Es gab allerdings am Sonntag auch einen vollkommen unverständlichen Übergriff eines Kriminalbeamten auf ein Reporterteam., bei dem ein Objektiv zerstört worden ist sowie die „Beschlagnahmung“ des aufgenommenen Materials angedroht worden ist. Die empörten Kollegen stellten den Übergriff glaubwürdig dar, das Objektiv war nachweisbar kaputt. Der Vorgang wurde polizeilich aufgenommen – die Polizei hat zugesichert, den Schaden zu ersetzen.
Jetzt tauchen Bilder auf, die definitiv zeigen, dass eine große Gruppe von Polizeibeamten mit gezogenen Schlagstöcken und Pfefferspray-Spritzen gegen linke Spontandemonstranten vorgegangen ist. Eher schmale Kerlchen. Das muss nichts heißen – auch Linke habe ich oft als gewaltbereit und aggressiv erleben müssen.
Nach den Fotos von „Beobachternews“ waren diese aber in der Defensive und die Aggression ging vermeintlich von der Polizei aus. Die Polizisten haben Mützen auf und keinen Körperpanzer – das deutet nicht darauf hin, dass sie sich außerordentlich schützen mussten oder sich auf eine gewalttätige Auseinandersetzung eingestellt hatten.
Ich bin dankbar, dass im Fall der Hooligans Polizisten sich zwischen mich und die Aggressoren gestellt haben. Ich konnte aber nicht ein einziges Mal nur einen „klaren“ Griff nach dem Knüppel beobachten, obwohl die rechtsradikalen Schläger mich und andere Bürger massiv bedrängt und mit körperlicher Gewalt bedroht haben.
Was ist hier los? Gibt es zweierlei Maß bei der Polizei? Hart gegen Linke, spielerisch mit den Rechten?
Die Vorstellung ist unerträglich. Gewalt ist inakzeptabel. Aber jeder, der seine fünf Sinne beisammen hat, weiß, dass rechte Gewalt sehr viel brutaler, schonungsloser und sehr oft auch tödlicher ist als die von linken Gruppen.
Die Bedrohungslage am Sonntag war so massiv, dass ich mir, obwohl ich das eigentlich ablehne, ein paar Mal gewünscht habe, dass der Staat seinen starken Arm mit einem festen Knüppel zeigt, weil die Nazi-Hooligans ein ganz anderes Kaliber darstellen als alles, was ich bislang von der linken Szene kenne.
Gibt es zweierlei Maß?
Ich finde es gut und richtig, dass die Polizei am Sonntag deeskalierend vorgegangen ist und Gewalt vermieden hat.
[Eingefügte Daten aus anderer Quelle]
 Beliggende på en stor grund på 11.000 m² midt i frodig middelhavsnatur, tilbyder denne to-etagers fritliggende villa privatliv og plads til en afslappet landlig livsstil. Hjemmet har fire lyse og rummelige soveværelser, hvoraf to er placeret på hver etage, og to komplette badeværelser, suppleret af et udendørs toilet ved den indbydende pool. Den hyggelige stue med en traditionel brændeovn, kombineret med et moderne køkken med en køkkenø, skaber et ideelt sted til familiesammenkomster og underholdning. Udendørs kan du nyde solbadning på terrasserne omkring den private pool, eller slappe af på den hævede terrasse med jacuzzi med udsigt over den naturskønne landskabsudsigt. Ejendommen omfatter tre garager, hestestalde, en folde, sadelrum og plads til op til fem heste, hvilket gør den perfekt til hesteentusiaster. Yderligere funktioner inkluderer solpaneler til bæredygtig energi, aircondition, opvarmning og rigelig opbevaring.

Der Staat hat gezeigt, dass er in Vertretung der Bürger Herr der Lage ist. Wieso war das am Samstag nicht möglich? Wieso kam es zum Schlagstock- und Pfeffersprayeinsatz?
Sind linke leichteres Wild, an dem man sich mal abreagieren kann? Kalkulieren Polizisten hier ein, mal „ordentlich durchgreifen“ zu können, während man vor den rechten Schlägern „Respekt“ hat? Kann das sein?
Das kann nicht sein.
Wir werden die Polizei dazu befragen und um Aufklärung bitten. Auch, wenn wir das bis heute über viele Jahre gewachsene gute Verhältnis auf’s Spiel setzen müssten.
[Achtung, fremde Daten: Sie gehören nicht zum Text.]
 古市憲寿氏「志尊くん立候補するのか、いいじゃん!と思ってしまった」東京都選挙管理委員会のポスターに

Von Seiten der linken Szene haben wir Schmähungen erfahren, weil wir häufig positiv über die Polizei berichtet haben. Dazu stehen wir auch nach wie vor, weil das unsere Faktenlage darstellt – also das, was wir erlebt und recherchiert haben. Wir haben auch kritisch berichtet, als man nach einer Nazi-Demo Jagd auf autonome Linke gemacht hatte. Das wurde anscheinend nicht registriert.
Wer uns über Spontandemos (die meistens gar nicht spontan sind) informiert, gibt uns die Chance, dass wir uns ein eigenes Bild machen können, statt auf Bilder von anderen „vertrauen“ zu müssen, was wir nicht tun.
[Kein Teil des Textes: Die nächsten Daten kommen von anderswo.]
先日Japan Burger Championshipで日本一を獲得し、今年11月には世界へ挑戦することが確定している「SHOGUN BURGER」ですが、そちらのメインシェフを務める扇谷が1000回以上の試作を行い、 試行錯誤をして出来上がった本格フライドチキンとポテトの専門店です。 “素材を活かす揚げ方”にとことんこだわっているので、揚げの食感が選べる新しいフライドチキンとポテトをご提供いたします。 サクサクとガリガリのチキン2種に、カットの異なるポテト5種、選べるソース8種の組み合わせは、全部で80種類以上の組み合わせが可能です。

Selbstverständlich werden wir über unangemessene oder sogar eskalierende Polizeieinsätze berichten, wenn wir dazu belastbare Fakten haben. Dabei sind wir auch auf Hilfe angewiesen – wer uns Hinweise und belastbare Informationen geben kann, soll das tun.
Die Fotos bei Beobachternews zeigen deutlich aggressive Polizisten und lassen nicht erkennen, wieso so hart vorgegangen worden ist. Dazu suchen wir Antworten. Wenn wir welche finden, berichten wir darüber, wenn wir keine finden, auch das.